Two questions. First - is the configuration above for ssh correct?; meaning, there are two references to it, one in "traffic going INSIDE" part and another at the end. 

My second question is, why is pf blocking certain NMAP generated packets (such as icmp type 13 [timestamp], or certain tcp packets)? I tried to specify all flags rather than just S/SA as it is by default. In order to make NMAP successfully send all packets I have to disable firewall.  
Any help is welcome!


----------



## SirDice (Dec 20, 2010)

You can lose the first rules for ssh. It's more or less overridden by the second.

PF is blocking ICMP because of the "block all" at the beginning. Certain TCP flags are blocked because of the "filter spoof" rules.


----------



## bbzz (Dec 21, 2010)

SirDice said:
			
		

> You can lose the first rules for ssh. It's more or less overridden by the second.
> 
> PF is blocking ICMP because of the "block all" at the beginning. Certain TCP flags are blocked because of the "filter spoof" rules.



Hi,

But, I am permitting ICMP later on, which overrides block all command. And, it's not blocking all ICMP just specific ones, such as type 13.
As for filter spoof rules, are you referring to "antispoof" command at the top? As far as i know it simply blocks any packet with source address equal to IP of interface. 

So, how can I modify my rules so that I am able to permit all packets OUT, regardless of being spoofed/forged/invalid, etc. 
Thanks


----------



## SirDice (Dec 22, 2010)

bbzz said:
			
		

> But, I am permitting ICMP later on, which overrides block all command.


Yes, but only on _outgoing_ ICMP, not incoming.



> As for filter spoof rules, are you referring to "antispoof" command at the top?
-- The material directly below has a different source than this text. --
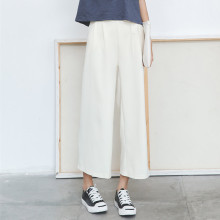 外贸原单百搭大码高腰休闲裤九分阔腿裤女纯色松紧腰直筒裤学院风

As far as i know it simply blocks any packet with source address equal to IP of interface.


No, I'm referring to the set of block rules just below the remark "### filter spoofs". 



> So, how can I modify my rules so that I am able to permit all packets OUT, regardless of being spoofed/forged/invalid, etc.


You already have a rule like that.


----------



## kpa (Dec 22, 2010)

Your drop rules with various tcp flag combinations are redundant and potentially harmful, the OpenBSD PF handbook recommends to check only S/SA which is the default anyway, see here: 

http://www.openbsd.org/faq/pf/filter.html#tcpflags


----------



## bbzz (Dec 23, 2010)

SirDice said:
			
		

> Yes, but only on _outgoing_ ICMP, not incoming.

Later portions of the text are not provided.